08/12/2009, 02:29 PM

(08/12/2009, 12:37 PM)Gottfried Wrote: Hi Jay,Actually, since I'm trying to find the Taylor series, I don't worry about the factorials. So I work directly with the matrix above, where the first row is [1 -2 4 -8 16].

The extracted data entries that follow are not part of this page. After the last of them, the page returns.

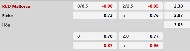 Thông tin tỷ lệ bóng đá Mallorca vs Elche:
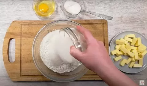 Сначала в миске соединяются мука, соль, сахар и разрыхлитель. Затем добавляется масло, которое нужно перетереть с мукой до получения крошки. В последнюю очередь следует добавить яйцо и сметану, быстро замесить тесто, которое должно получиться мягким и однородным.
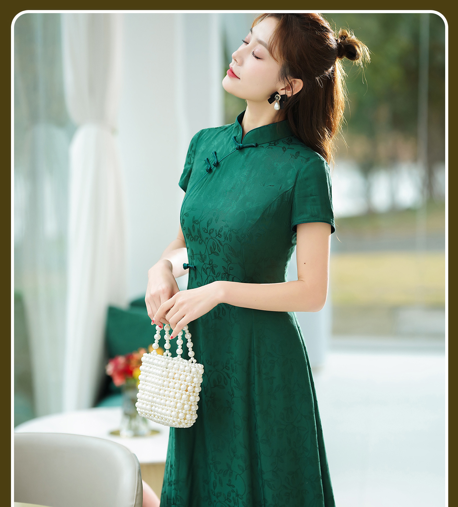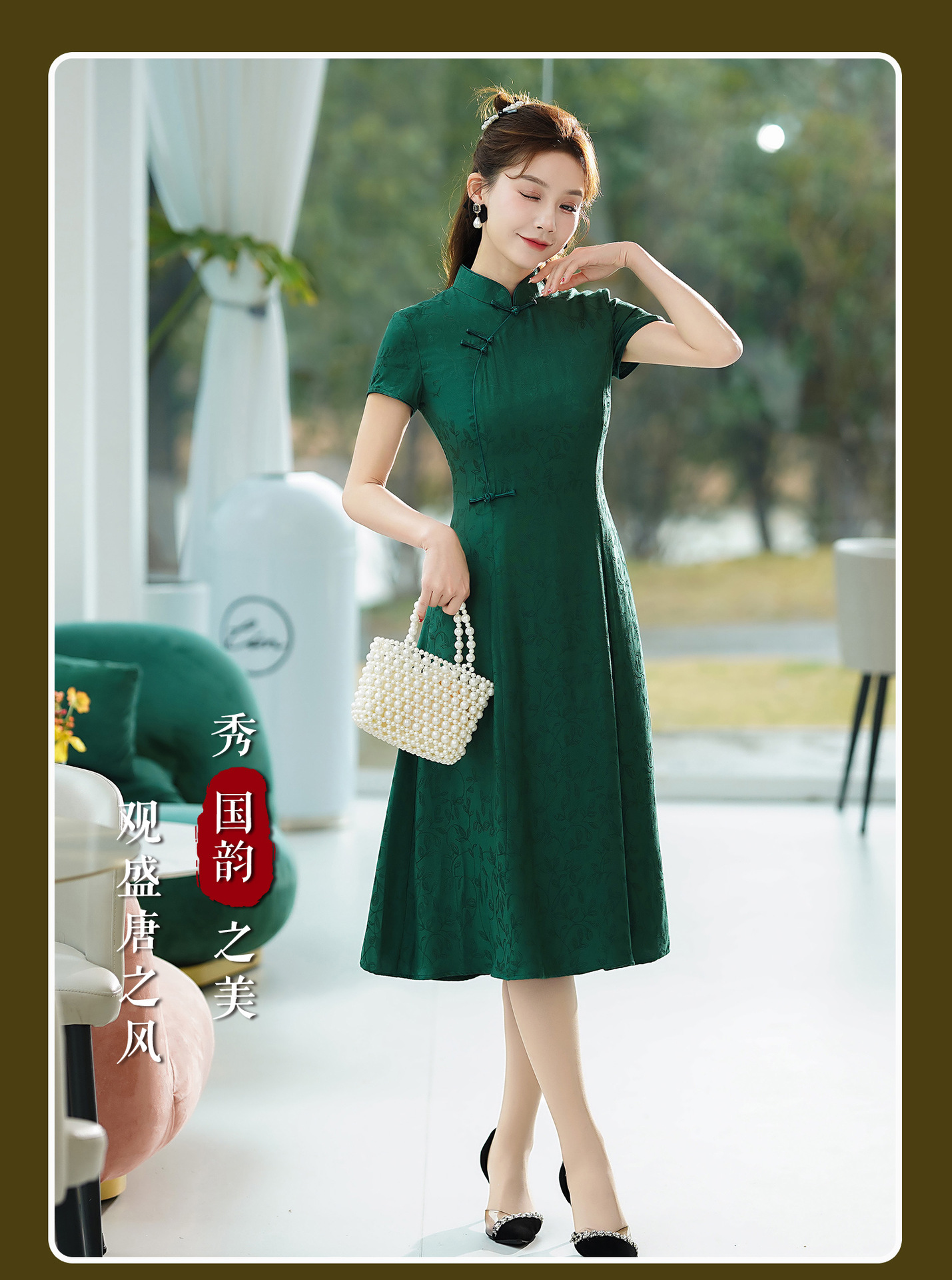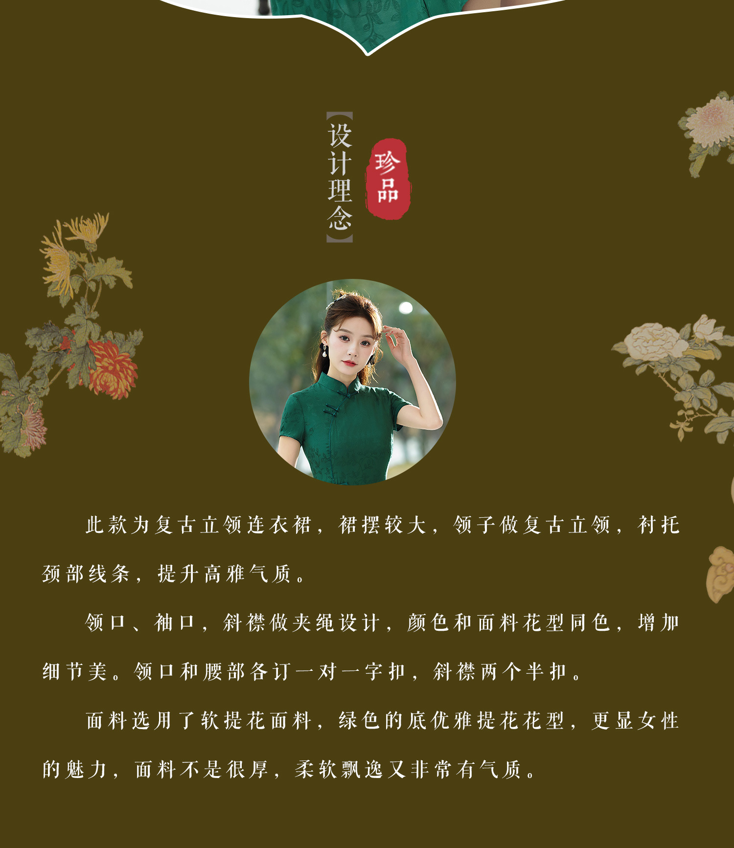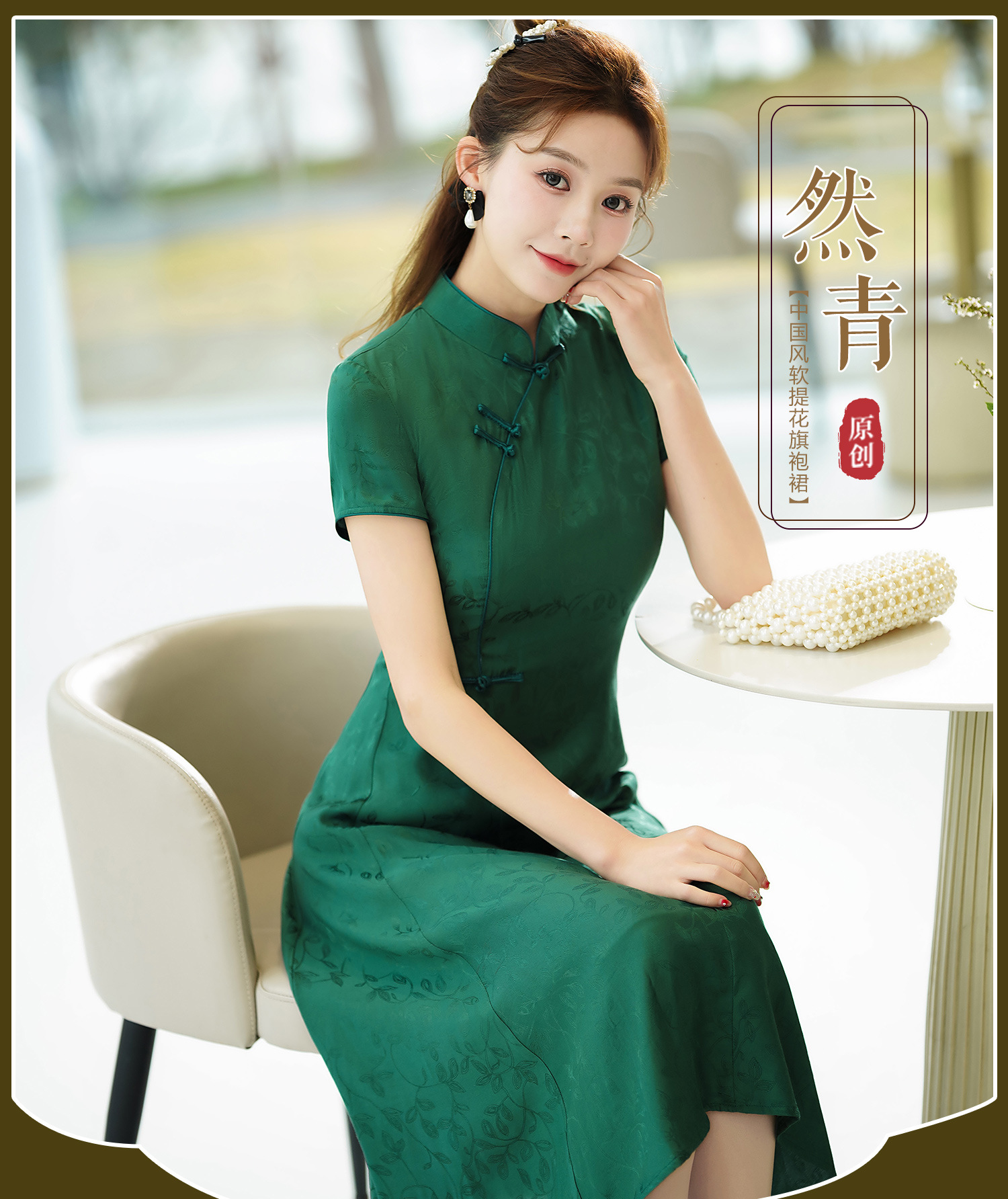 【然青】2023春夏新款优雅短袖复古提花日常A摆改良旗袍连衣裙
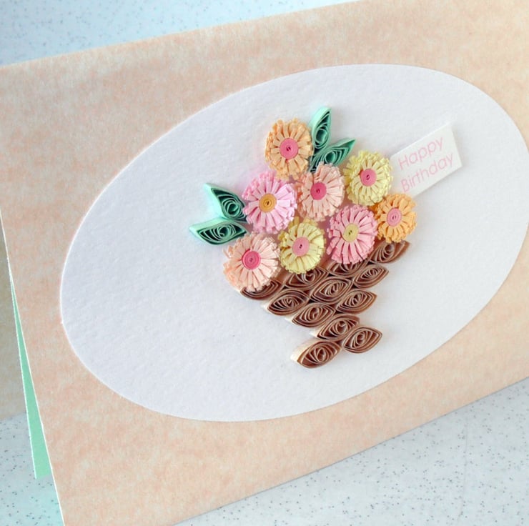 Quilled birthday card, handmade greeting
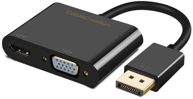 ^^ 4K@60Hz UHD: Compliant with DP 1.2 and HDMI 4k specification, and downward compatible with lower versions; HDMI 2.0 port support ultra HD 4kx2k@60Hz high video resolution; VGA port support 1920*1200@60Hz or 1080P full HD. ^^ NOTES & TIPS1-It can only transfer signal from DisplayPort source to HDMI or VGA monitors/ displays/ projectors. 2-If both of the outputs are connected, then only one output can receive the input signal, HDMI output is prior to VGA output. 3-To enjoy 4K@60Hz resolution, please make sure to use 4K version HDMI cable, if you use a 1.4 or lower version HDMI cable, then you will get 4K@30Hz or lower resolution. ^^ Plug & Play Easy plug and play, no require any software or drivers or extra power supply. ^^ Durable Quality This adapter equipped with gold-plated connectors, Foil & braid multi-layer shielding and tinned copper conductor. Gold-Plated connector ensures a maximum signal quality and stable signal transmission; Foil & braid shielding reduces interference; Tinned copper conductor enhances cable performance.

there is a simple recursion formula, with which you can generate the inverse matrix.

I used the description at wikipedia for the stencils,

Code:`f(x-2h)= f(x) -2h f'(x)/1! + 4h^2 f''(x)/2! - 8h^3*f'''(x)/3! + 16h^4*f''''(x)/4!`

f(x-h) = f(x) -1h f'(x)/1! + 1h^2 f''(x)/2! - 1h^3*f'''(x)/3! + 1h^4*f''''(x)/4!

f(x) = f(x) 0 0 0 0

f(x+h) = f(x) +1h f'(x)/1! + 1h^2 f''(x)/2! + 1h^3*f'''(x)/3! + 1h^4*f''''(x)/4!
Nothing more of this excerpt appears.